Gendhing For A Spirit Rising (Global Coolant)

David Lopato

Released October 4, 2017

DownBeat Four-and-a-Half-Star Review

YouTube:

https://music.youtube.com/playlist?list=OLAK5uy_nV9pu-gRWlLKb7MWBe_VnG-_j1WmA2aqk

Spotify:

https://open.spotify.com/intl-pt/album/2vJPSKZf1fWHNKpZbpJYhX?si=yw6r2wd9TSaB4aktBlB5Yg

About:

Pianist/composer DAVID LOPATO has performed his own compositions extensively throughout the world. As a composer, he has received multiple grants from the National Endowment for the Arts, New York Foundation for the Arts, Meet the Composer, and The Beards Fund. He is also the recipient of a Fulbright Fellowship to study Javanese Gamelan in Surakarta, Indonesia, where he lived for a year. As a performer Lopato has toured his own music in configurations ranging from solo piano to 10-piece ensembles. He has performed with Dave Liebman, Joe Lovano, Mark Helias, Ray Anderson, Wadada Leo Smith, Dewey Redman, Gerry Hemingway, and Jane Ira Bloom among others. He has recorded on the Lumina, Enemy, Unity and Global Coolant labels. In addition, he is the producer of the concert series at InHouse in downtown Manhattan, and teaches on the faculties of the The New School for Jazz and Contemporary Music, and Montclair State University.

Track Listing:

Disc 1

1. Ladrang (David Lopato) 07:00

2. This Life (David Lopato) 11:25

3. Jalan Jiwa (David Lopato) 04:21

4. Gendhing (David Lopato) 20:49

Disc 2

1. Beboppin’ With Bella (David Lopato) 08:50

2. Jakshi (David Lopato) 11:32

3. Ambush and Aftermath (David Lopato) 09:06

4. Peace March (David Lopato) 05:53

Personnel:

David Lopato: piano, keyboards, vibraphone, marimba, glockenspiel, Sundanese kendhang, gongs, hand claps

Marty Ehrlich: alto, soprano saxophone (2)

Mark Feldman: violin (2)

Lucas Pino: soprano saxophone (8), clarinet (5–8)

Bill Ware: vibraphone (5, 8)

William Moersch: marimba (1, 4)

I.M. Harjito: Javanese rebab (4)

Erik Friedlander: cello (1, 3, 4)

Ratzo Harris: acoustic bass

Tom Rainey (2): drums

Michael Sarin (3, 5–8): drums

Anne Stebinger (4): Javanese hand drums

Mark Perlman (1,3): Javanese hand drums

John Hadfield: percussion (6)

Review:

A two-CD set, David Lopato’s Gendhing For A Spirit Rising is unlike anything you are likely to hear this year (or any year).
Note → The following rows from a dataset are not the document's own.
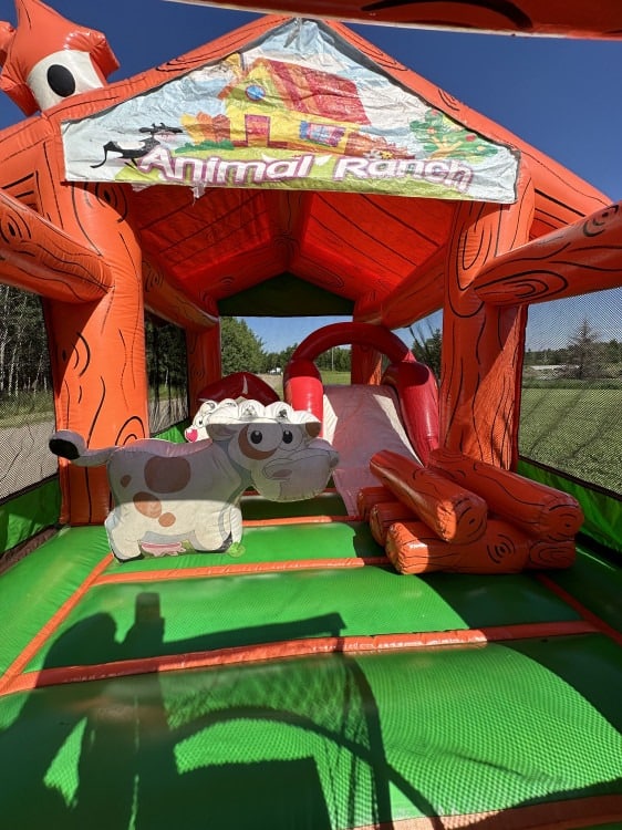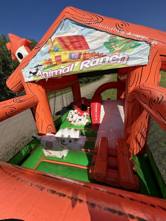 Step right up and dive into the ultimate adventure with our Petting Zoo themed bouncy castle, designed specifically for kids under 10! Imagine the joy on their faces as they bounce among friendly, cartoon-style animals like cuddly sheep, funny cow and even a little bon fire. This inflatable wonderland transforms any event into a magical experience where children can safely jump, slide, and explore in a whimsical setting. Perfect for birthday parties, school events, or any gathering, our Petting Zoo bouncy castle promises hours of laughter and unforgettable memories. Give your little ones the thrill of a lifetime with this delightful attraction that combines imagination, exercise, and pure, unbridled fun!
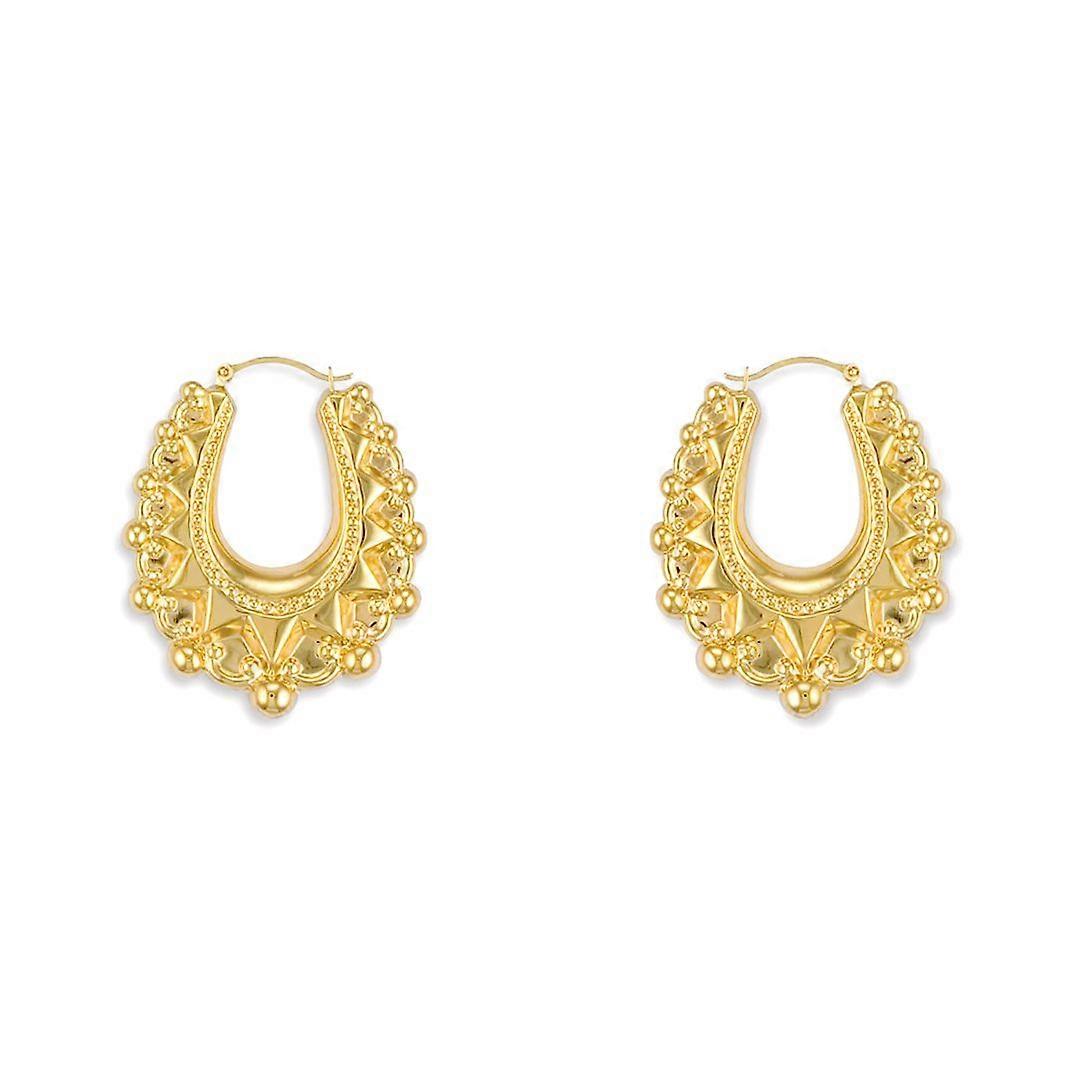 Jewelco London Ladies Gold-plated Sterling Silver Oval Pear Spikey Bead Creole Earrings 24mm
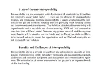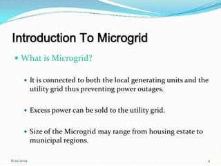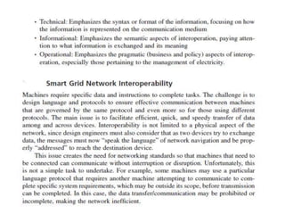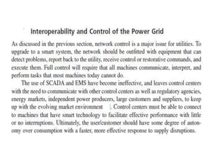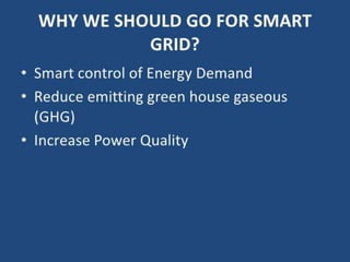 A smart grid uses digital technology and automation to detect and react to local changes in usage. It incorporates smart meters, renewable energy sources, and energy efficiency resources. The Government of India approved the National Smart Grid Mission to plan and monitor smart grid policies and programs. The NSGM will have its own resources and autonomy. It aims to deploy smart meters and substations, develop distributed generation like rooftop solar, and create infrastructure like EV charging stations.
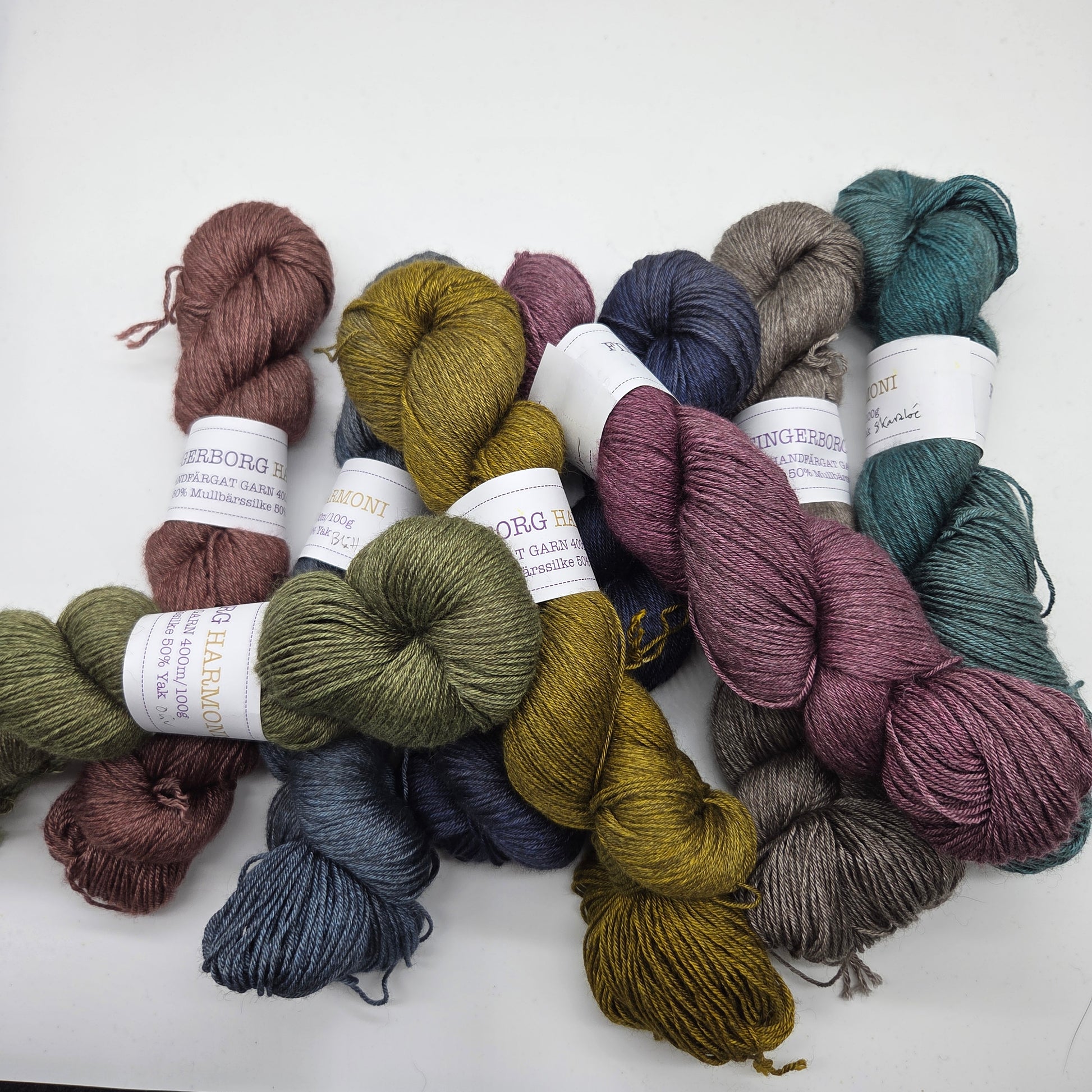 Harmoni är ett mjukt fingering weight garn. 400m /100g, 50% mullbärssilke, 50% yak. Garnet har mycket fall och en fantastisk lyster. Fiberblandningen gör att detta garn känns som ett light fingering garn. Ett härligt garn till sjalar eller andra kroppsnära plagg. Ej superwashbehandlat.
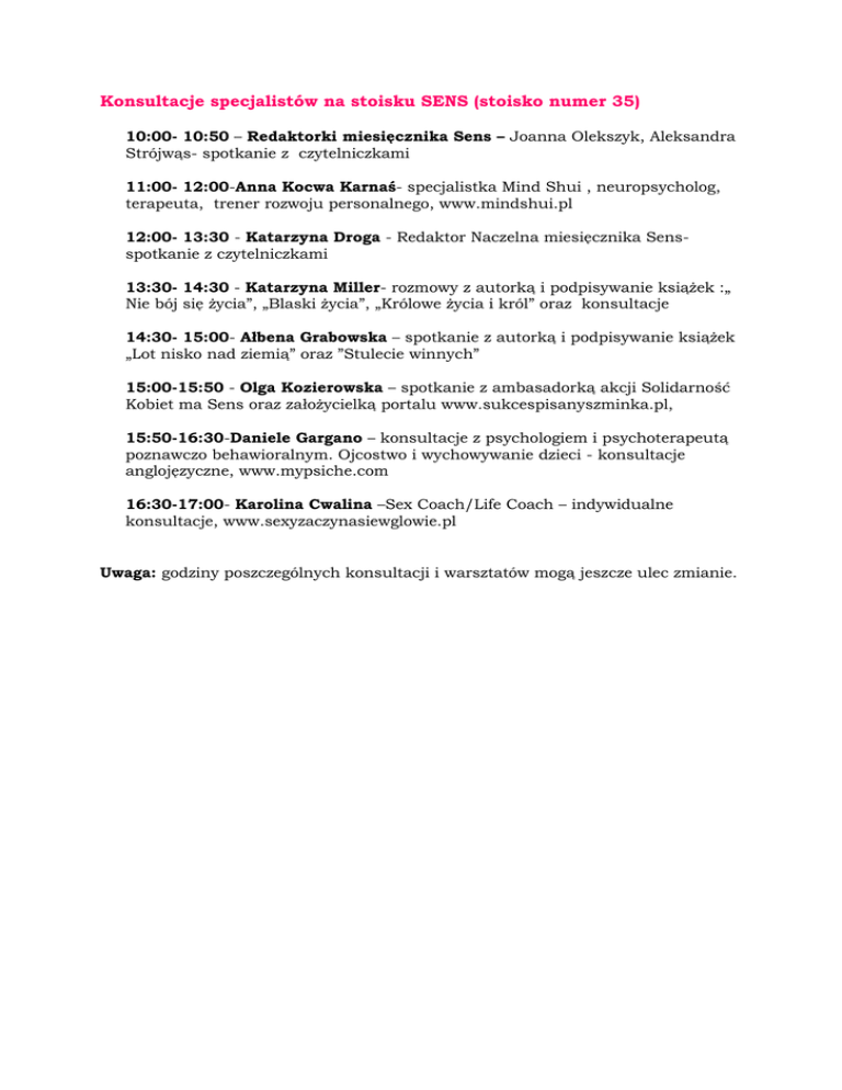 Konsultacje specjalistów na stoisku SENS (stoisko numer 35) 10:00- 10:50 – Redaktorki miesięcznika Sens – Joanna Olekszyk, Aleksandra Strójwąs- spotkanie z czytelniczkami 11:00- 12:00-Anna Kocwa Karnaś- specjalistka Mind Shui , neuropsycholog, terapeuta, trener rozwoju personalnego, www.mindshui.pl 12:00- 13:30 - Katarzyna Droga - Redaktor Naczelna miesięcznika Sensspotkanie z czytelniczkami 13:30- 14:30 - Katarzyna Miller- rozmowy z autorką i podpisywanie książek :„ Nie bój się życia”, „Blaski życia”, „Królowe życia i król” oraz konsultacje 14:30- 15:00- Ałbena Grabowska – spotkanie z autorką i podpisywanie książek „Lot nisko nad ziemią” oraz ”Stulecie winnych” 15:00-15:50 - Olga Kozierowska – spotkanie z ambasadorką akcji Solidarność Kobiet ma Sens oraz założycielką portalu www.sukcespisanyszminka.pl, 15:50-16:30-Daniele Gargano – konsultacje z psychologiem i psychoterapeutą poznawczo behawioralnym. Ojcostwo i wychowywanie dzieci - konsultacje anglojęzyczne, www.mypsiche.com 16:30-17:00- Karolina Cwalina –Sex Coach/Life Coach – indywidualne konsultacje, www.sexyzaczynasiewglowie.pl Uwaga: godziny poszczególnych konsultacji i warsztatów mogą jeszcze ulec zmianie.
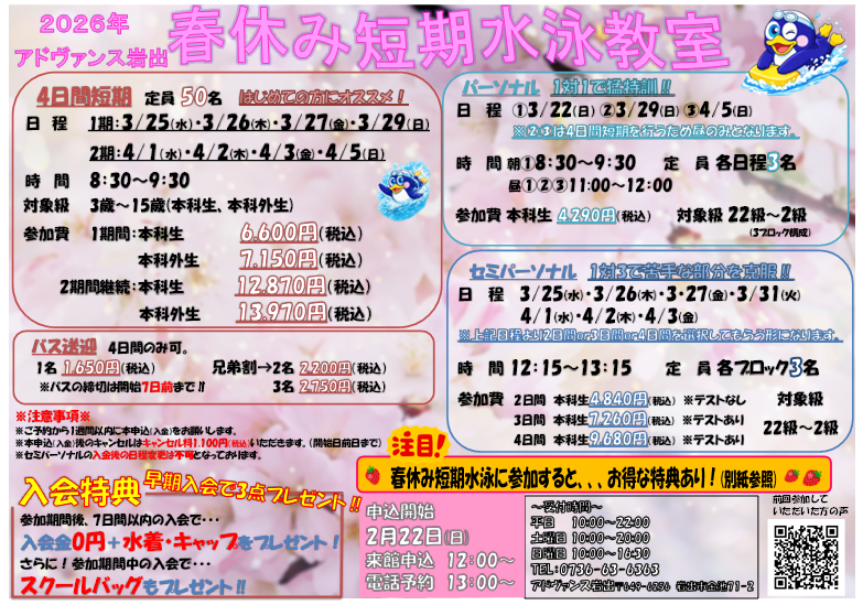 今回は春休み短期水泳教室にご参加いただけるとお得な特典が付いてきます!!

A multi-instrumentalist and composer, Lopato is also a syncretist who manages to combine elements of modern jazz, Western classical music and, most obviously, Javanese gamelan. Unlike many experiments with musical fusion, Lopato’s music is the genuine article, his interest in Javanese gamelan dating from the mid-1970s. And it shows. The gamelan vibe is heard in earnest on “Ladrang,” a piece that combines the essence of gamelan’s dreamier, mesmerizing aspects with a more Western sensibility via a memorable theme that’s both driving yet tuneful. It’s an ensemble number that puts its emphasis on repetition, a feature of gamelan’s dizzying ways with pulse and rhythm. The blend of the Middle East and South India surfaces with the lively “Jakshi,” a tune in 7 that, while it includes improvisation, comes across as more conventional, almost folkloric. Jazz returns center stage with “This Life,” an uptempo swing tune that includes another beboppy head along with some lyrical lines from Lopato. Tom Rainey’s drums add just the right percussive flair. There’s also strong work turned in by violinist Mark Feldman, reedist Marty Ehrlich and bassist Ratzo Harris. Indeed, it’s when Lopato jumps off the piano stool that some true blending of genres emerges, a heating up as jazz and gamelan show their affinities.